Restaurant Pricing in the Time of Corona

“Should I take price?” has been the primary question from our restaurant clients of late. Our answer, surprisingly, remains the same now as it was pre-COVID: “That depends.”

We remain in the midst of the greatest challenge the restaurant industry has ever faced. Yet we also have a better understanding of the mountain in front of us. Life is not going back to pre-COVID normal. The dining experience has changed for the short-term, likely for the long-term and, potentially, forever. It’s time, then, to start planning for success in a new environment. And that means looking at menu design and pricing in new ways.

Here, RMS Vice Presidents Dora Furman, Chris Norton and Justin Pridon share how assessing customer sensitivity and pricing has changed in the time of coronavirus.

It’s a crisis. You can still consider raising prices.

You are conscious of the pain many of your guests are experiencing. That’s a good thing. Yet your brand is likely experiencing pain, too. Traffic is down. Costs are up — a result of labor, additional safety and health equipment and processes, new delivery/distribution channels and supply chain issues, to name just a few. 

“Now more than ever,” said RMS VP Chris Norton, “restaurant brands are in a pressure cooker.”

Yet, he warns against trying to mitigate 100% of cost pressures with increased prices.

“When we get down to the granular level – per ticket, per store, per market – and look at offsetting additional costs with price, it becomes very clear that it would be impossible to do; the overall price impact would be just too high for customers to pay.”

A pandemic is a new situation, he goes on to say, but brands shouldn’t toss all their past planning. “For many of our clients, it’s been as long as 7-8 months since they’ve made price adjustments, which means they could be 1-2 pricing rounds behind their normal schedule.”

“We might advise taking a little less price than in the past,” said Norton. “But we are working with clients to look at real cost pressures, find a safe pricing approach and, most importantly, keep the doors open.”

Consider raising prices, but with different considerations. 

Everything about how guests interact with restaurants has changed.

  • Occasions are different — as evidenced by our recent consumer survey that shows 33% of respondents have changed their breakfast habits, and 44% have changed lunch habits.
  • Channels are different. Dine-in traffic is still down as much as 65-70% YOY for some brands, while drive-thru traffic soared to 20% growth YOY for some weeks (as outlined in our weekly Impact Reports).
  • Ordering behavior is different. What guests order, for whom and how have all changed. Group or family orders, picked up curbside, have replaced a family night out, for example. And while traffic might be down, check size is growing to meet the new occasion. In fact, we’ve seen checks below $10 on the decline, while checks totaling $15 and above have grown rapidly.

RMS VP Dora Furman said her team is leaving no data point unexamined. “We used to predict the future based on past performance,” she said. “The restaurant industry is no doubt experiencing a situation without modern precedent, but we still rely heavily on our many years of experience and lean into all the data and assessment tools we have, including new ones added during the pandemic as we plan for the future.” 

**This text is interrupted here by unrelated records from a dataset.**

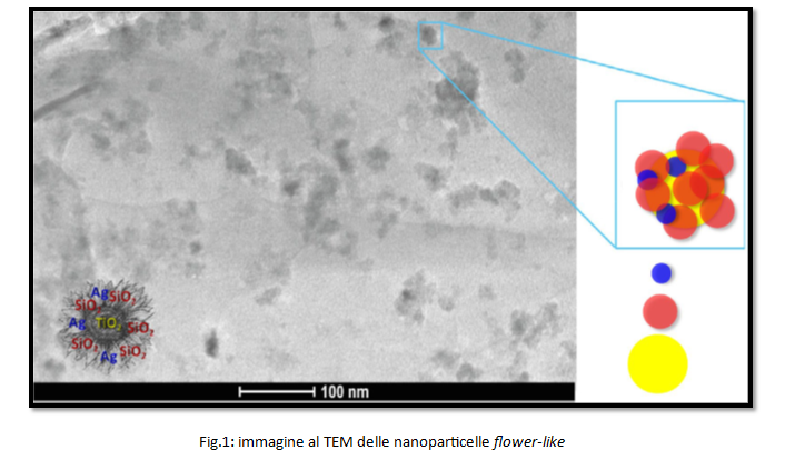 Tali nanoparticelle (NPs), sono state realizzate partendo da NPs di Ag, TiO2 e SiO2; tali nanoparticelle, vanno a formare una struttura “a forma di fiore” in cui il “pistillo” è formato da NPs di TiO2 ed i “petali” che lo circondano da nanoparticelle di argento e silice, le cui dimensioni sono dell’ordine di dieci nanometri. Le NPs multifunzionali “flower-like” sono state caratterizzate sia dal punto di vista chimico-fisico che morfologico-dimensionale, attraverso diverse tecniche, tra cui: Diffrazione di raggi X (XRD); Microscopia Elettronica a Trasmissione (TEM); Microscopia Elettronica a Scansione (SEM), accoppiata una sonda per spettroscopia a raggi X a dispersione di energia (EDS); Nanoparticles Tracking Analysis (NTA); Termogravimentria (TG-DTG); Spettroscopia Infrarossa FT-IR.
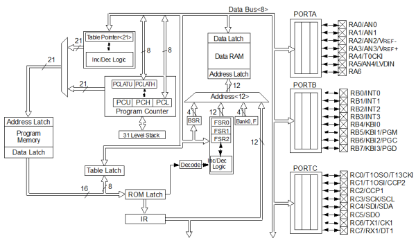 | PORTA | 05h | TRISA | 85h | PORTA | 105h | TRISA | 185h |
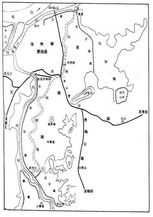 原白洋河道过上清溪后入平天湖(东南湖)贯穿湖心,绕县城南门和东门外,在百牙山附近与白沙河(旧志称横河)相会,于下清溪入秋浦河故道,在江口乡钱家山入注长江。

“We used to predict the future based on past performance. We still rely heavily on our many years of experience and lean into all the data and assessment tools we have as we plan for the future.”

RMS VP Dora Furman

RMS launched both quantitative and qualitative surveys in April and has been working with partners such as Sense360 and Rival Tech to deliver up-to-the-minute insights. RMS is also relying heavily on economic indicators and their years in the industry to deliver insights.

“We have all worked with this wide breadth of clients, over a long arc of time,” said Furman. “Despite the pandemic being truly a one-of-a-kind event, we do have a lot of understanding of what unemployment or underemployment, for example, can do to consumer behavior.”

Pridon reinforces Furman’s point. “Don’t completely throw away the past because you think our future is so different. We still need to learn from the past and recognize that while the environment is without precedent, consumer behavior remains relatively constant.”

Which brings us to what hasn’t changed: a guest-centric approach.

Never forget the guest.

The key to managing change — whether it be menu, price, real estate or a promotion — is to meet guests where they are and provide what they want, at a price they will pay.

Furman notes that this is where RMS’ broad set of solutions is important. “We are called Revenue Management Solutions, not ‘pricing solutions.’ Right now, the guests are in a different place, and they want different things. Revenue management really starts with taking a broad view of your menu, promotions, bundles, channels AND price.”

Furman notes that many brands cut their menus immediately to manage the crisis. They didn’t think about profitability or guest frequency — they couldn’t.

“We believe it’s time to examine the initial cuts and possibly return items to the menu,” said Furman. “But iterative is the way to go right now. Make small changes, test and learn, then make more small changes.”

The mantra “test and learn” holds true for any change brands are making during these uncertain times.

“The future is uncertain at best,” said Pridon. “But with flexibility and a multipronged approach to analysis, we can find a safe pricing approach that meets the needs of the guest — and keeps the doors open.”